The suits are generally worn in conjunction with respiratory masks. Typically, the rim of the hood is provided with a seal, e.g. a rubber sheet, that follows the circumference of the rim, so as to provide a closed loop, and that also extends in a forward direction from the rim of the hood.
The seal is for securing the hood to the outer perimeter of the respiratory mask. The circumference of the rubber sheet in its unstretched state is less than the circumference of the corresponding portion of the respiratory mask. Thus when the rubber sheet is fitted about the respiratory mask, it is stretched around it, so that fluid flow between the inner surface of the rubber sheet and the outer surface of the respiratory mask is inhibited.
Thus, when the hood and mask are in place on the wearer, the flow of air from the external atmosphere into the protective suit is reduced. Such fluid flow might otherwise comprise the internal atmosphere of the protective suit.
However, this seal may be less effective in cases where the rubber sheet is stretched around a contoured surface, i.e. a surface having regions that are raised and lowered relative to each other, e.g. having peaks and troughs. This is because the rubber sheet will tend to be supported at discrete portions of its circumference by the raised regions of the contoured surface. The intervening sections of the sheet will tend to be held away from the lowered regions of the surface, due to the tension in the sheet. Thus, the intervening sections of the sheet will effectively bridge adjacent raised regions of the surface, rather than following closely the surface of the element to be sealed.
In this case, fluid flow may still take place along the recesses (e.g. the troughs) of the surface to be sealed, and the efficacy of the seal is reduced.
Examples of a contoured surface may be found in a number of different areas of a respiratory mask, depending e.g. on the design of the mask and the manufacturing processes used. For example, the area of the mask that is for contacting the region of the wearer's face between the eyebrow and the jaw line may provide a contoured surface.

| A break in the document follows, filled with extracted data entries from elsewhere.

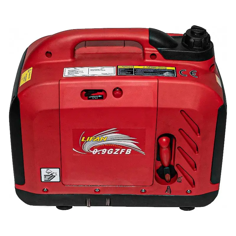 Бензиновый генератор Lifan 0.9GZFB – самая компактная модель в линейке для питания оборудования мощностью 0,9 кВт. Одной полной заправки бака хватает на непрерывную работу в течение 6 часов.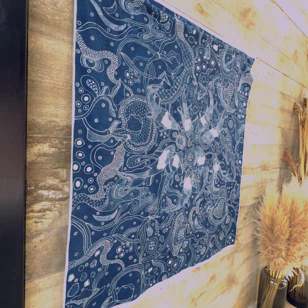 Flowing currents and graceful koi fish come alive in indigo tones, a testament to the meditative beauty of Javanese batik. Each hand-drawn line captures movement and harmony, while traditional wax-resist dyeing creates intricate details that shimmer across the fabric. A statement piece that embodies both balance and the rhythm of water in Indonesian art.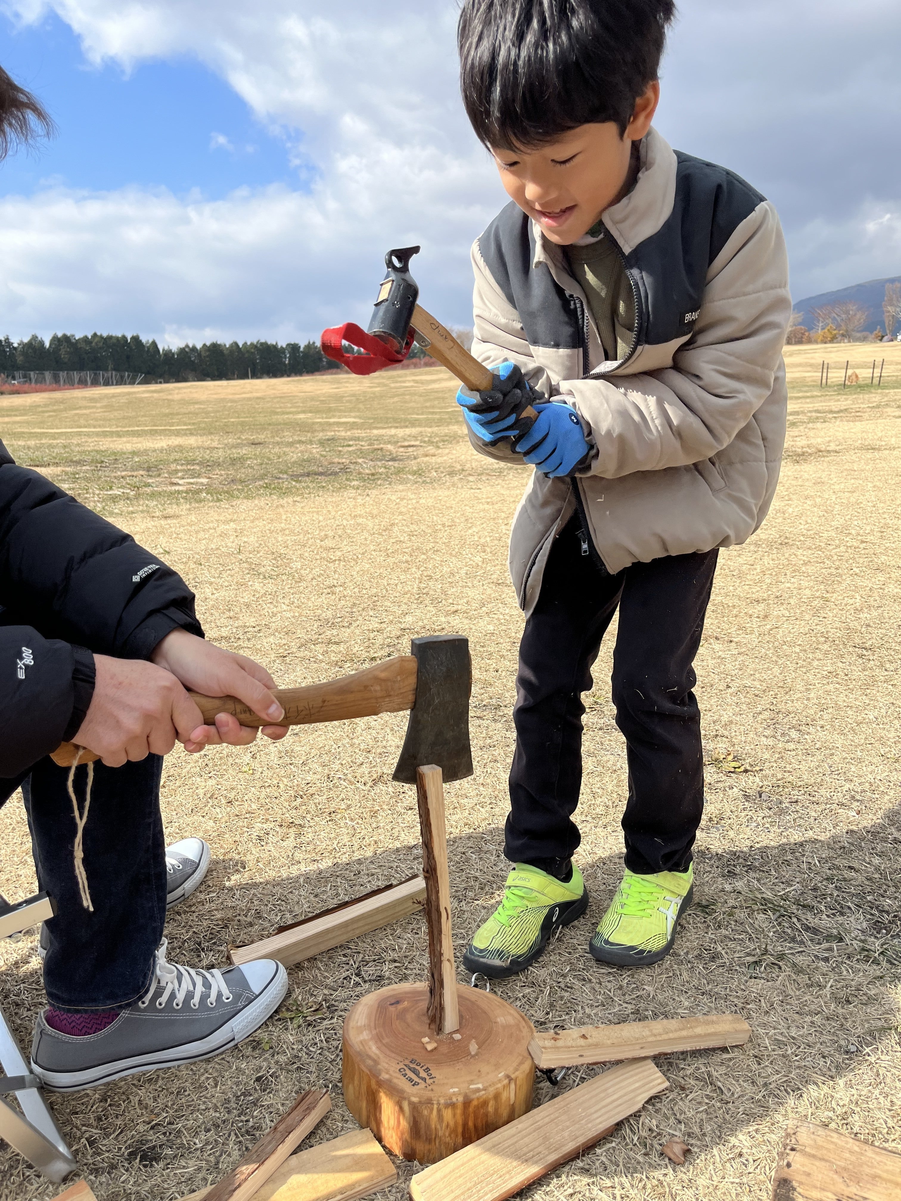 薪は動画のように斧を大人が支えて、ペグハンマーでたたくとお子様でも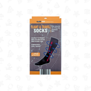 Our Flight Socks in Size Large are a travel essential for anyone embarking on journeys of four hours or more. Engineered to provide graduated compression, these socks apply gentle pressure at the ankle that gradually decreases up the leg. This clinically-inspired design encourages healthy blood flow back to the heart, significantly reducing leg fatigue and puffiness.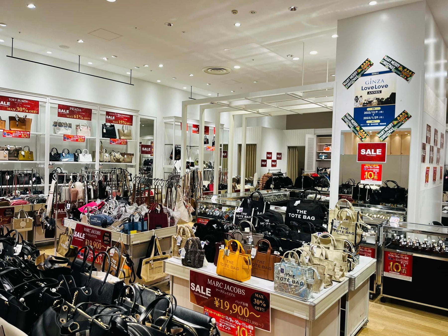 この度の催事店舗では、PRADA、GUCCI、BURBERRY、Stella McCartney等のラグジュアリーブランドバッグをお買い得価格で販売いたします。また、GINZALoveLove常設店で取り扱いのないアパレルコーナーも展開し、MONCLER、TATRAS、THE NORTH FACEのブランドアウター、PREMIATA、FENDIなどのブランドシューズをお買い得価格で販売いたします。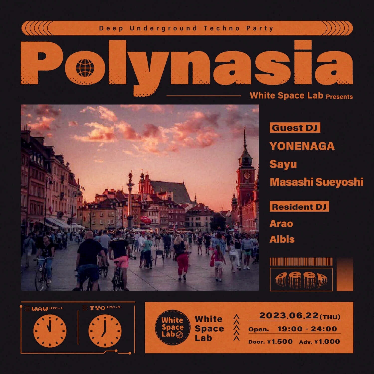 6月のPolynasiaは、Detroit Technoに特化した異彩の輝きを放つParty『R.S.A』を主宰するYONENAGAと、東京のロングランTechno Party『TECHNOSHIP』からSayuと、Industrial,Experiment,Noiseなどを主力とするParty『UNDULATION』を主宰するMasashi Sueyoshiを迎え、夏至のWSLを個性豊かなTechnoで彩る。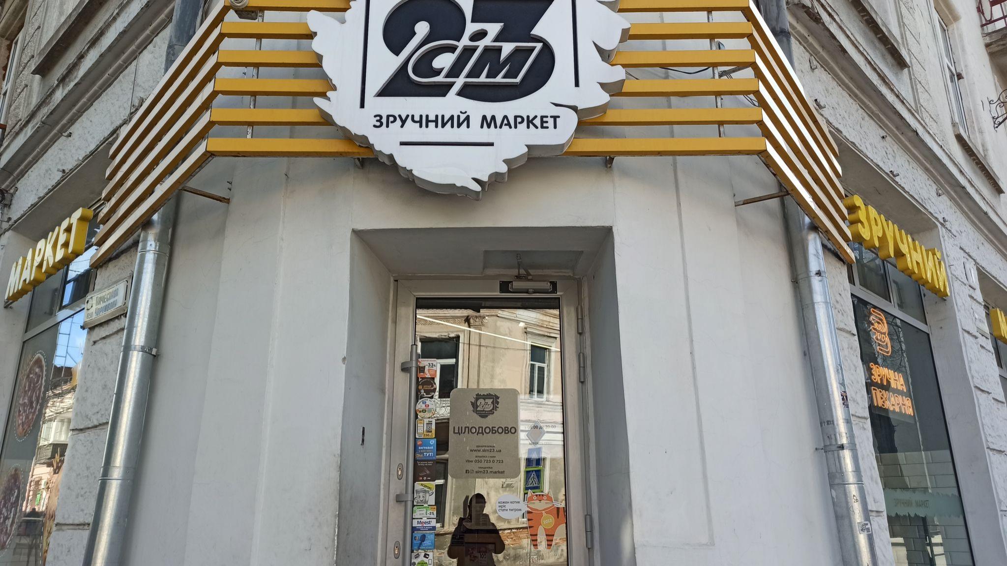 Маркет "Сім 23" (вулиця Миру, 5, біля ПК "Березіль") працює без перебоїв. Розрахуватися картою тут можна без проблем, поки є всі продукти, окрім хлібобулочних виробів.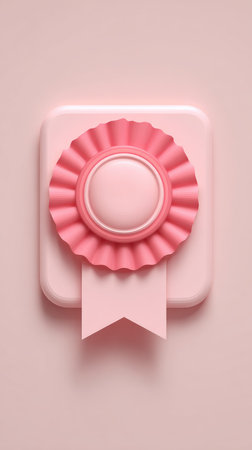 A pink award ribbon on a square background, symbolizing achievement and recognition.
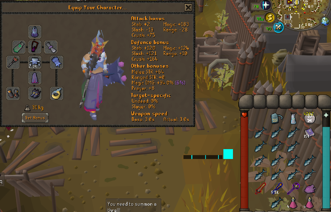 >>563377548>thornschill and versatile, may or may not be that crazy though>"light weapon" (<1kg) spec buildwill be good in the very early game, mediocre in the midgame, and possibly good again depending on whether the last t8 relic has any effect on specs. limited weapon selection and you probably need to pick one of either Asgarnia or Zeah for dog dagger / dclaws>blindbagregret>2h / halberddunno, might be good but i feel like you need a way to consistently freeze / bind stuff and it doesn't work in a lot of situations. will be pretty chill against anything that switches to range / mage at a distance i guess.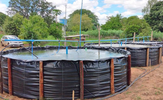 Na propriedade de José Leandro, foram implantados três tanques com capacidade estimada de 30 mil litros cada, ocupando uma área de 120 m².

Depending on the design of the mask and the manufacturing processes used, contoured surfaces may also be found on the portion of the mask corresponding to the chin of the wearer.
In fact, a contoured surface may be found at any point around the circumferential area of a respirator mask, depending e.g. on the design of the mask (and the resulting moulded shape), and/or on the head/face/neck shape of the wearer. For example, recesses may result from the shape of the wearer's head, e.g. from the position of the wearer's cheekbone or jawbone.
Tension in the harness of the respiratory mask (i.e. the strap passing around the back of the head of the wearer) may also result in portions of the respirator mask becoming distorted, so that they have a contoured shape.
Such contoured (i.e. uneven) portions cannot normally be followed closely by the rubber sheet that is provided on the hood for sealing against the mask.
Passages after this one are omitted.